A vandal throws a brick through a shop window, breaking a pane of glass. The next morning the townspeople gather to regard the damage. One of the spectators offers this consolation; "It is an ill wind that blows nobody good. At least this way the glazier will have employment fixing the shop window."
This sentiment drives an entire school of thought, which, unfortunately, is embraced by a significant part of our political leaders and representatives, and the professors who teach economics in our academic institutions.
Suppose it cost a hundred dollars to repair the damage; so we say that the vandalism brings a hundred dollars to the glazier's business. The glazier performs the repairs, receives his hundred dollars. And it can be concluded that the economy of the town has just experienced an increase of a hundred dollars.

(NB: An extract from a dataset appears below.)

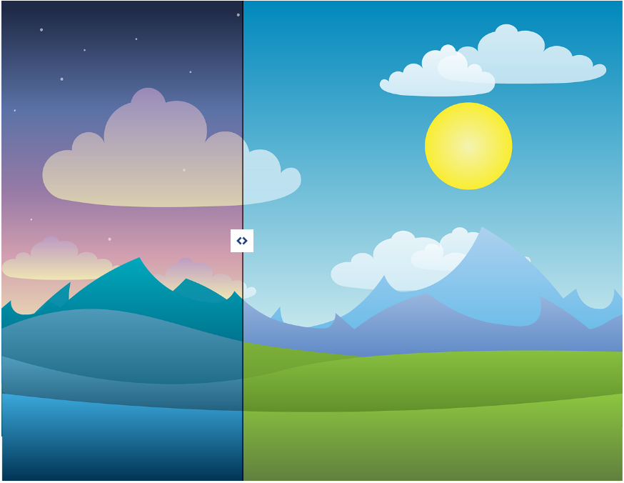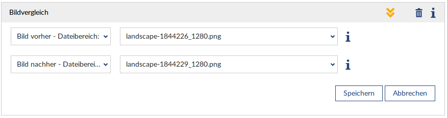 Der Bildvergleich-Block ermöglicht den direkten Vergleich zwischen zwei Bildern. Mit einem Schieberegler kann ein Bild über ein anderes gelegt werden. Die Bilder können von einer URL oder aus dem Dateibereich geladen werden.

This train of thought suggests that it is a good thing to break windows, that it causes money to circulate, and that this benefits the economy in general.
This is a fallacy, of course, for if this was true then we would be breaking windows and smashing property all the time in order to increase prosperity. What has really happened is that the shopkeeper now has one hundred dollars less with which to spend on other goods and services - a new pair of shoes for example - or to invest into the future expansion of his business, or to possibly offer as a holiday bonus to an employee. Acts of vandalism are wanton destruction, and have a negative effect on the economy.

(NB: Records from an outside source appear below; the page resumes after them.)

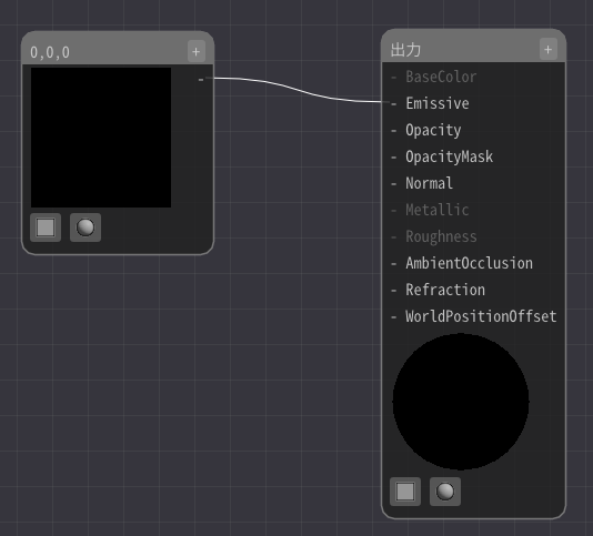 定数3ノードと出力ノードのEmissiveと接続します。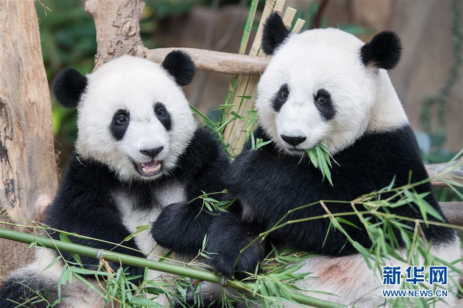 8月1日,在马来西亚吉隆坡附近的马来西亚国家动物园,大熊猫宝宝“谊谊”(左)和妈妈“靓靓”在吃竹子。 当日,马来西亚将在马出生的第二只雌性大熊猫宝宝取名为“谊谊”。“谊谊”是中国旅马大熊猫“兴兴”和“靓靓”所生的第二只大熊猫宝宝,于2018年1月14日出生。 新华社记者朱炜摄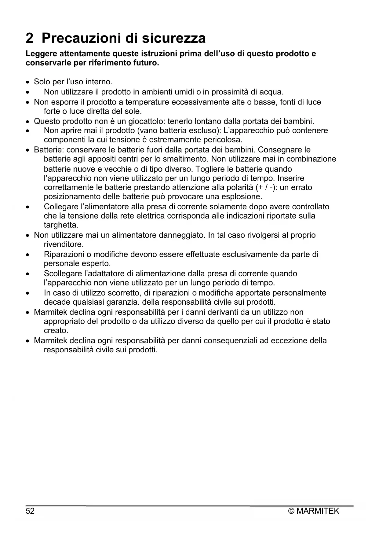 2 Precauzioni di sicurezza Leggere attentamente queste istruzioni prima dell’uso di questo prodotto e conservarle per riferimento futuro. x Solo per l’uso interno. x Non utilizzare il prodotto in ambienti umidi o in prossimità di acqua. x Non esporre il prodotto a temperature eccessivamente alte o basse, fonti di luce forte o luce diretta del sole. x Questo prodotto non è un giocattolo: tenerlo lontano dalla portata dei bambini. x Non aprire mai il prodotto (vano batteria escluso): L’apparecchio può contenere componenti la cui tensione è estremamente pericolosa. x Batterie: conservare le batterie fuori dalla portata dei bambini. Consegnare le batterie agli appositi centri per lo smaltimento. Non utilizzare mai in combinazione batterie nuove e vecchie o di tipo diverso. Togliere le batterie quando l’apparecchio non viene utilizzato per un lungo periodo di tempo. Inserire correttamente le batterie prestando attenzione alla polarità (+ / -): un errato posizionamento delle batterie può provocare una esplosione. x Collegare l’alimentatore alla presa di corrente solamente dopo avere controllato che la tensione della rete elettrica corrisponda alle indicazioni riportate sulla targhetta. x Non utilizzare mai un alimentatore danneggiato. In tal caso rivolgersi al proprio rivenditore. x Riparazioni o modifiche devono essere effettuate esclusivamente da parte di personale esperto. x Scollegare l’adattatore di alimentazione dalla presa di corrente quando l’apparecchio non viene utilizzato per un lungo periodo di tempo. x In caso di utilizzo scorretto, di riparazioni o modifiche apportate personalmente decade qualsiasi garanzia. della responsabilità civile sui prodotti. x Marmitek declina ogni responsabilità per i danni derivanti da un utilizzo non appropriato del prodotto o da utilizzo diverso da quello per cui il prodotto è stato creato. x Marmitek declina ogni responsabilità per danni consequenziali ad eccezione della responsabilità civile sui prodotti.MEGAVIEW 141 UHD 2.0™

It is taught in American schools that World War II got America out of the Depression. This is not true; America was already on its way out of the Depression by 1939, and in fact the Federal Government's interference in the economy actually prolonged the Depression. The argument is made that war is a benefactor, since historically it often has focused the use of resources and triggered advances in technology and other areas while reducing unemployment. The increased production and employment associated with war leads some to claim that "war is good for the economy."

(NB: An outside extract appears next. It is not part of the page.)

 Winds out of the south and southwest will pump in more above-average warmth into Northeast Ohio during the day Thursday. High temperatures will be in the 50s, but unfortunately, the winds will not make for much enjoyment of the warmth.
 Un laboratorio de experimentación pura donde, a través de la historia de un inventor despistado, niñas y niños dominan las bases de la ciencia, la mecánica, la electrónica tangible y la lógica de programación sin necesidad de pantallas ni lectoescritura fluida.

However, this belief is actually an example of the broken window fallacy. The money spent on the 1940s war effort, for example, was money that could not be spent on food, clothing, health care, consumer electronics or other areas. The stimulus felt in one sector of the economy came at a direct – but hidden – cost to other sectors.
One example of the cost of war is the many projects postponed or not started until after the end of World War II in the United States. The pent-up demand for roads, bridges, houses, cars, and even radios led to massive inflation in the late 1940s. The war delayed the commercial introduction of television, among other things, and the resources sent overseas to rebuild the rest of the world after the war were not available to the American people for their direct benefit; neither did the war enrich any of these other nations.
Warfare - like the vandal's brick thrown through the shop window - is wanton destruction, and ultimately has a negative effect on the economy. A few will benefit from the business of war, but the overall effect is a drain on resources. The phrase "War, boom and bust," represents the hollow prosperity of the 1920s following the First World War, and led directly to the Great Depression of the 1930s - which of course gave conditions for the political upheaval which led to Fascism and World War II.
This concludes today's lesson. Pay attention, you will be tested at a future time.